> [Supplied data]:
Segment Open

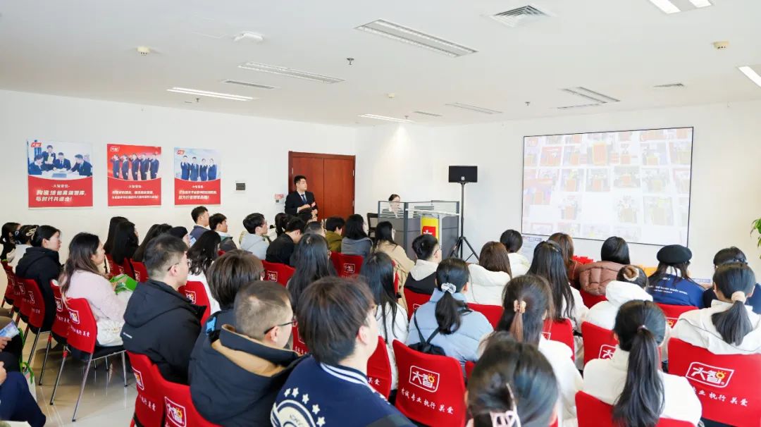 同學們參觀總部,了解大智黨建、組織文化建設及企業發展史等相關情況。
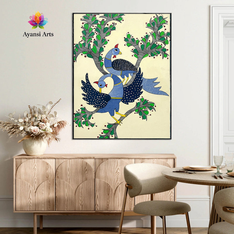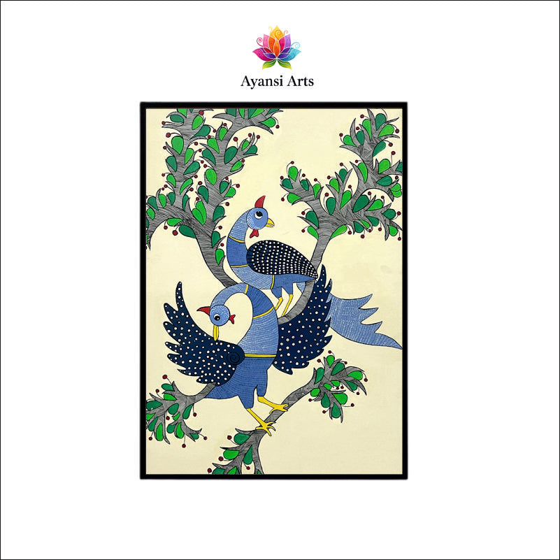 Madhubani Birds on Tree Digital Canvas Art by Ayansi Arts
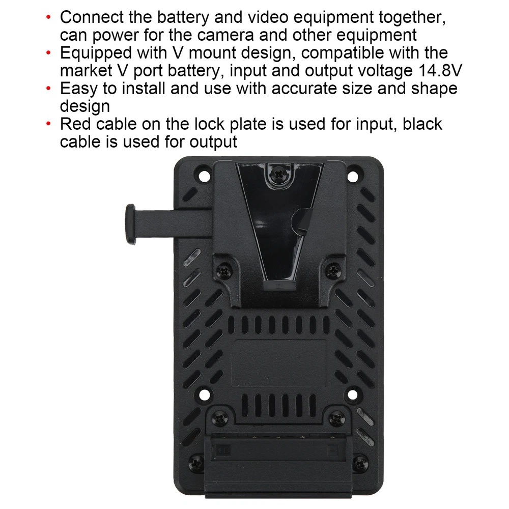 Feature: 1. Using Method: Connect the battery and video equipment together, can power for the camera and other equipment, to extend the working time of camera. 2. Specially Designed: Equipped with V mount design, compatible with the market V port battery, input and output voltage 14.8V. 3. Plastic Material: V mount adopts plastic material, high hardness, good heat resistance, light wieght and durable, having good performance for long service life. 4. Easy to Use: Easy to install and use with accurate size and shape design, the red cable on the lock plate is used for input, black cable is used for output. 5. Universal Using: Has strong universality, compatible with V mount batteries, can effectively prevent the battery from falling off during use. Specification: Item Type: V Mount Battery Plate Material: Plastic Application: for V Mount Battery Weight: Approx.88g/3.1oz Interface: V Mount, DIY Positive And Negative Wiring Head (Red Input, Black Output) Output and Input Voltage: 14.8V Package List: 1 x V Mount Lock Battery Plate 4 x Screws 1. Our listing price includes the value of goods,packaging cost,and export taxes,not including international duties. 2. duties,taxes,and charges are not included in the item price or shipping fee. 3. T he duties are buyers' responsibility .Please check with your country's customs office determine what these additional costs will be prior to your purchase. 4. All disputes arising from the duties will be submitted to ebay for solution. 1. Any questions, pls. contact us via ebay message or email us. We will reply your message within 48 hours. If you do not receive our reply within 48 hours, pls. post a message again because sometimes our message system may block some emails. 2. If you are satisfied with our service, pls. kindly leave us a positive feedback and give us the Detailed Seller Rating with all " 5 " in very area 3. Our aim is to provide Level Customer Service, your recognition will encourage us greatly and serve you better. We strive to keep all our customers satisfy. We will do our up most to exceed your expectations in customer service, communication and dispatching of your orders.
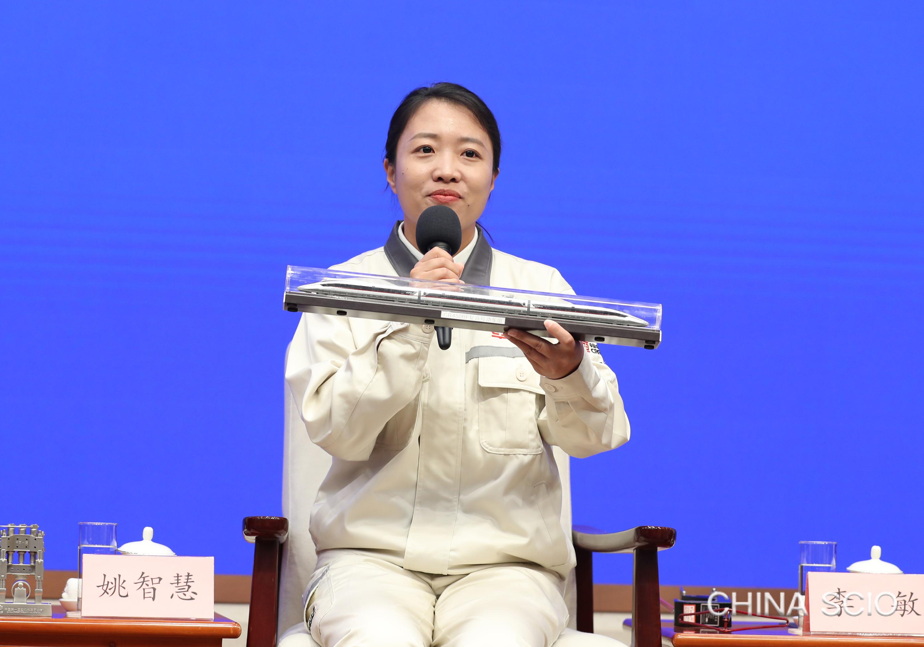 Yao Zhihui, a vehicle electrician at the National Railway Division of CRRC Changchun Railway Vehicles Co. Ltd., attends a group interview in Beijing, June 5, 2025. [Photo by Xu Xiang/China SCIO]

Segment Closed

> [Work order]: Please copy the data shown above, line by line and exactly, omitting the images.

> [Result below]:
 同學們參觀總部,了解大智黨建、組織文化建設及企業發展史等相關情況。
 Madhubani Birds on Tree Digital Canvas Art by Ayansi Arts
 Feature: 1. Using Method: Connect the battery and video equipment together, can power for the camera and other equipment, to extend the working time of camera. 2. Specially Designed: Equipped with V mount design, compatible with the market V port battery, input and output voltage 14.8V. 3. Plastic Material: V mount adopts plastic material, high hardness, good heat resistance, light wieght and durable, having good performance for long service life. 4. Easy to Use: Easy to install and use with accurate size and shape design, the red cable on the lock plate is used for input, black cable is used for output. 5. Universal Using: Has strong universality, compatible with V mount batteries, can effectively prevent the battery from falling off during use. Specification: Item Type: V Mount Battery Plate Material: Plastic Application: for V Mount Battery Weight: Approx.88g/3.1oz Interface: V Mount, DIY Positive And Negative Wiring Head (Red Input, Black Output) Output and Input Voltage: 14.8V Package List: 1 x V Mount Lock Battery Plate 4 x Screws 1. Our listing price includes the value of goods,packaging cost,and export taxes,not including international duties. 2. duties,taxes,and charges are not included in the item price or shipping fee. 3. T he duties are buyers' responsibility .Please check with your country's customs office determine what these additional costs will be prior to your purchase. 4. All disputes arising from the duties will be submitted to ebay for solution. 1. Any questions, pls. contact us via ebay message or email us. We will reply your message within 48 hours. If you do not receive our reply within 48 hours, pls. post a message again because sometimes our message system may block some emails. 2. If you are satisfied with our service, pls. kindly leave us a positive feedback and give us the Detailed Seller Rating with all " 5 " in very area 3. Our aim is to provide Level Customer Service, your recognition will encourage us greatly and serve you better. We strive to keep all our customers satisfy. We will do our up most to exceed your expectations in customer service, communication and dispatching of your orders.
 Yao Zhihui, a vehicle electrician at the National Railway Division of CRRC Changchun Railway Vehicles Co. Ltd., attends a group interview in Beijing, June 5, 2025. [Photo by Xu Xiang/China SCIO]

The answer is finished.